In contrast, a premium tax credit (PTC) reduces an individual's monthly premium payments for health insurance coverage. PTCs can be applied to plans at any "metal" level (Bronze, Silver, Gold, Platinum) and directly lower the cost of the insurance itself. While both are based on income and household size, the PTC helps individuals afford the monthly cost of having insurance, whereas the CSR helps them afford the cost of using that insurance once enrolled. Eligibility for the premium tax credit generally extends to a higher income threshold than for cost sharing reductions.
FAQs
Who is eligible for cost sharing reductions?
Eligibility for cost sharing reductions is primarily based on household income relative to the federal poverty line.
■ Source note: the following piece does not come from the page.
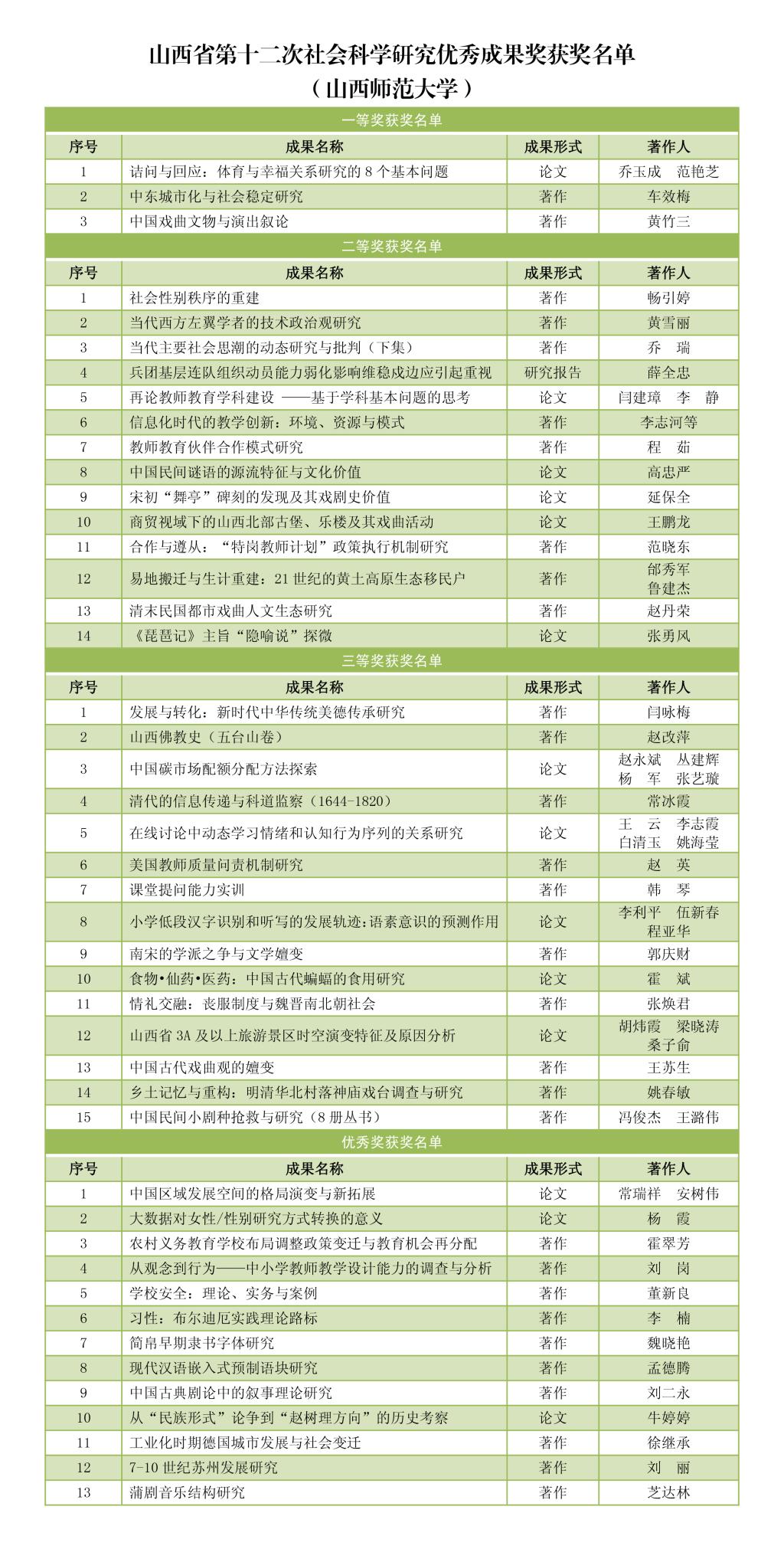 威尼斯官网45项成果喜获山西省第十二次社会科学研究优秀成果奖
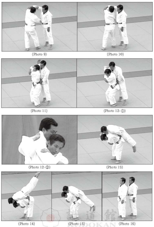 Répondant à la rotation de Uke, Tori se tourne vers sa gauche en changeant ses pas, du pied gauche vers le pied droit, puis vers le pied gauche pour faire face à Uke, il déplace sa main gauche, avec l’auriculaire vers le haut et sa paume face à Uke, vers le haut du bras droit à l’avant de l’épaule droite de Uke, il saisit le haut du bras de Uke près de l’intérieur du coude droit, (la main gauche de Uke va naturellement vers le bas). Tori recule légèrement avec son pied gauche et, en déséquilibrant Uke vers l’avant avec sa main gauche (Photos 7, 8- ①②), il déplace son pied droit vers l’avant et l’intérieur du pied droit de Uke (Photo 9). En abaissant son corps, Tori déplace son pied gauche vers l’avant et l’intérieur du pied gauche de Uke, il insère son épaule droite sous l’aisselle droite de Uke (Photos 10, 11), il glisse sa main droite sous l’aisselle droite de Uke et la place sur l’épaule droite de Uke (Photos 12- ①②) pour le contrôler sous la forme de «Ippon-seoi-nage» à droite (Photos 13, 14). Uke place la paume de sa main gauche, le bout des doigts vers le bas, sur le côté gauche de la hanche de Tori, il tend ses deux jambes tout en les maintenant ensemble. Après s’être penché complètement en arrière et avoir soulevé son corps, Uke signale «Mairi» en tapant légèrement le côté gauche de la hanche de Tori avec sa main gauche. Tori relâche la technique et redescend Uke (Photos 15, 16).

Generally, individuals and families with incomes between 100% and 250% of the federal poverty level qualify. The specific amount of reduction depends on how far your income is below 250% of the poverty line, with lower incomes receiving more significant benefits.
What kind of health insurance plan do I need to get a cost sharing reduction?
To receive a cost sharing reduction, you must enroll in a silver-level health plan through your state's health insurance Marketplace. CSRs are not available with Bronze, Gold, or Platinum plans, even if you are otherwise eligible based on income.
How do cost sharing reductions save me money?
Cost sharing reductions save you money by lowering the amounts you are responsible for paying when you use your health insurance. This includes reducing your deductible (the amount you pay before your plan starts to pay), your copayment (a fixed amount you pay for a service), your coinsurance (a percentage of the cost you pay for a service), and your annual out-of-pocket maximum (the most you have to pay for covered services in a year).